### WHAT THE TASK ASKS
Would you transcribe the entries below, beginning at the line with "Solo in Turchia" and ending after the line with "Desde muy temprano, los", exactly, with no picture and nothing more?

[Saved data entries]
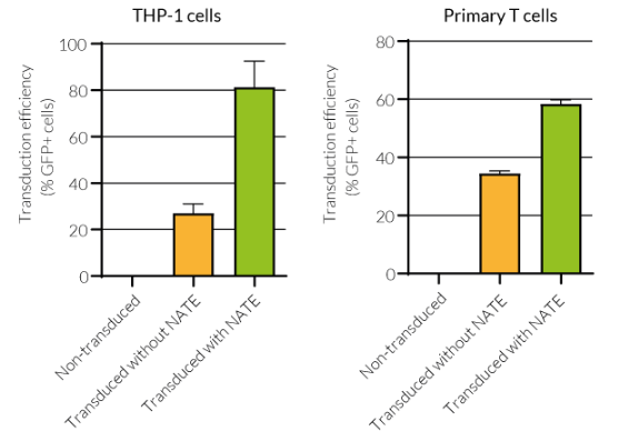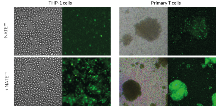 THP-1細胞(左)またはヒト初代T細胞(右)に、それぞれMOI 5およびMOI 1のGFPをコードするレンチウイルスベクターを用いて遺伝子導入を行った。NATE™ 非存在下、及び存在下で実施した。48時間後、GFP発現を蛍光顕微鏡 (上図)、フローサイトメトリー(下図)により解析した。
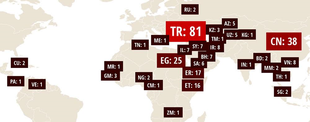 Solo in Turchia sono attualmente in carcere 81 giornalisti (con il drammatico record di 140 dopo il tentativo di colpo di stato militare fallito nel mese di luglio) più altri 67 casi “dubbi” in cui non si è riusciti a confermare un nesso di causalità tra l’attività giornalistica e la carcerazione.
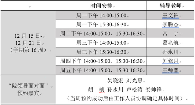 2.“院领导面对面”采用灵活预约的形式,学生可根据自身需求预约嘉宾,预约成功后由工作人员协调确定具体咨询时间,每人(每团队)咨询时间在30-60分钟左右。
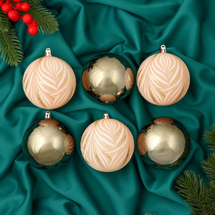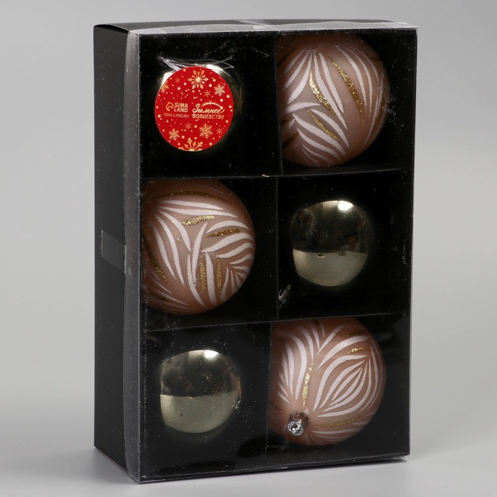 Ёлочные игрушки «Морозная росшивь», шары новогодние, d=7.5 см, набор 6 шт., штрихи, МИКС — Характеристики
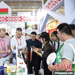 在白俄罗斯展馆,展品涵盖乳制品、果汁、巧克力、面粉、休闲食品、果蔬罐头等6大类100余个品种。
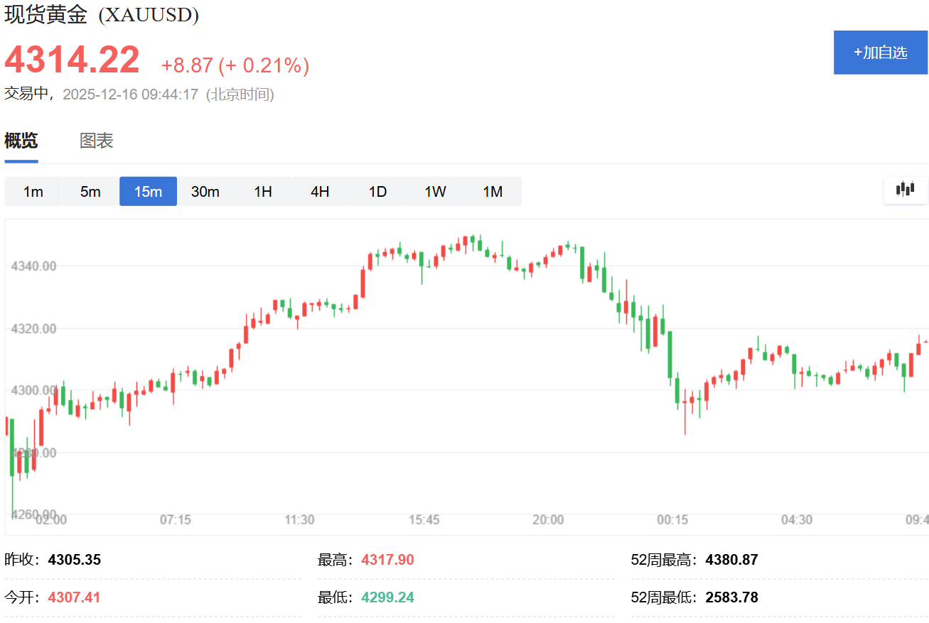 现货黄金周一(12月15日)冲高回落,一度逼近4350美元心理关口,但随后回吐大部分涨幅,收报4305.35美元/盎司,仅微涨0.1%。
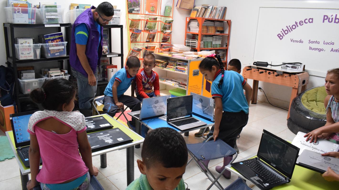 Desde muy temprano, los niños y niñas tocan la puerta de la biblioteca y piden las tabletas, los computadores, juegos didácticos y, por supuestos, cartillas y libros -muchos libros- en especial “La reina de los colores” de Jutta Bauer. “Es quizá el que más les gusta, lo piden mucho”, relata Esteban mientras ordena los elementos de este espacio lúdico, ubicado al lado de la institución educativa de esta vereda del norte antioqueño.
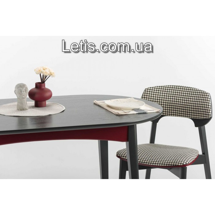 Завдяки м’яким вигинам і складній формі спинки цей стілець ідеально поєднується з круглими та овальними столами, підкреслюючи їхню геометрію.
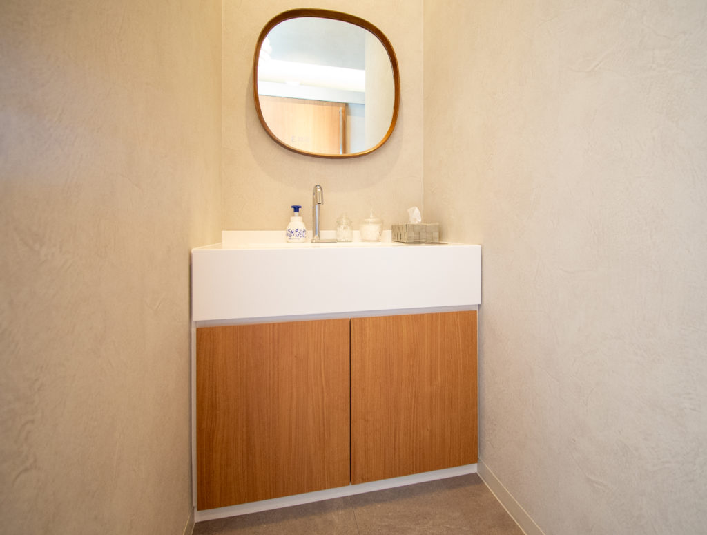診療前後に快適にご利用いただけるよう、清潔で明るいパウダールームをご用意しております。手洗いやお化粧直し、うがいなどにご利用いただけるスペースで、プライバシーにも配慮した落ち着いた空間です。どなたでも安心してご利用いただけるよう、常に清潔な状態を保っております。
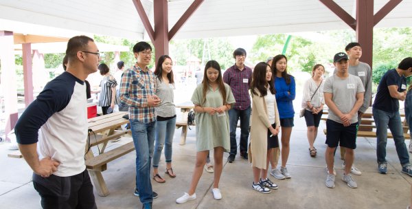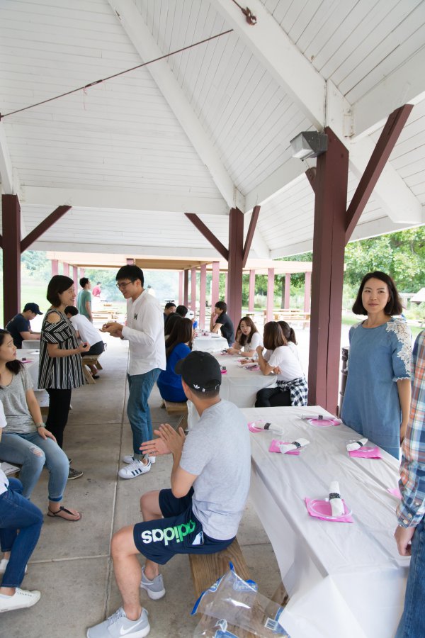 즐거운 환영 BBQ 파티를 가졌어요.
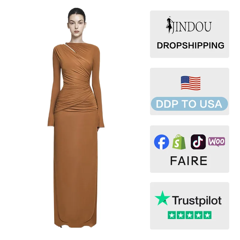 ZYHT 73849 European Wholesale Fashion Casual One Shoulder Ruched Maxi Dress Side Slit Pleated Long Sleeve Dresses for Women
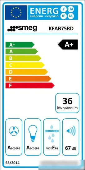 Кухонная вытяжка Smeg KFAB75RD выполнена в стиле ретро 50-х годов и имеет наклонную конструкцию для удобства использования. Она устанавливается на стену и управляется электронными кнопками, что делает управление простым и быстрым. Оснащена светодиодным освещением из двух ламп мощностью 2 Вт, которое обеспечивает яркое освещение рабочей зоны. Максимальная производительность отвода воздуха достигает 649 куб. м/ч, а в интенсивном режиме — 797 куб. м/ч, что эффективно удаляет запахи и пары. Конструкция периметрального воздухопоглощения помогает лучше очищать воздух, а жироулавливающие фильтры из алюминия легко моются. В комплекте есть угольный фильтр для циркуляции воздуха без отвода. Вытяжка оборудована одним мощным мотором мощностью 280 Вт и тремя скоростями, что позволяет выбрать оптимальный режим работы. Индикатор загрязнения фильтров и таймер автоотключения помогают следить за техническим состоянием устройства и экономить энергию. Уровень шума в максимальном режиме составляет 72 дБ, а в минимальном — 50 дБ. Общие габариты: ширина 75 см, глубина 61,6 см, высота 64,4 см.

### TASK OUTPUT
 Solo in Turchia sono attualmente in carcere 81 giornalisti (con il drammatico record di 140 dopo il tentativo di colpo di stato militare fallito nel mese di luglio) più altri 67 casi “dubbi” in cui non si è riusciti a confermare un nesso di causalità tra l’attività giornalistica e la carcerazione.
 2.“院领导面对面”采用灵活预约的形式,学生可根据自身需求预约嘉宾,预约成功后由工作人员协调确定具体咨询时间,每人(每团队)咨询时间在30-60分钟左右。
 Ёлочные игрушки «Морозная росшивь», шары новогодние, d=7.5 см, набор 6 шт., штрихи, МИКС — Характеристики
 在白俄罗斯展馆,展品涵盖乳制品、果汁、巧克力、面粉、休闲食品、果蔬罐头等6大类100余个品种。
 现货黄金周一(12月15日)冲高回落,一度逼近4350美元心理关口,但随后回吐大部分涨幅,收报4305.35美元/盎司,仅微涨0.1%。
 Desde muy temprano, los niños y niñas tocan la puerta de la biblioteca y piden las tabletas, los computadores, juegos didácticos y, por supuestos, cartillas y libros -muchos libros- en especial “La reina de los colores” de Jutta Bauer. “Es quizá el que más les gusta, lo piden mucho”, relata Esteban mientras ordena los elementos de este espacio lúdico, ubicado al lado de la institución educativa de esta vereda del norte antioqueño.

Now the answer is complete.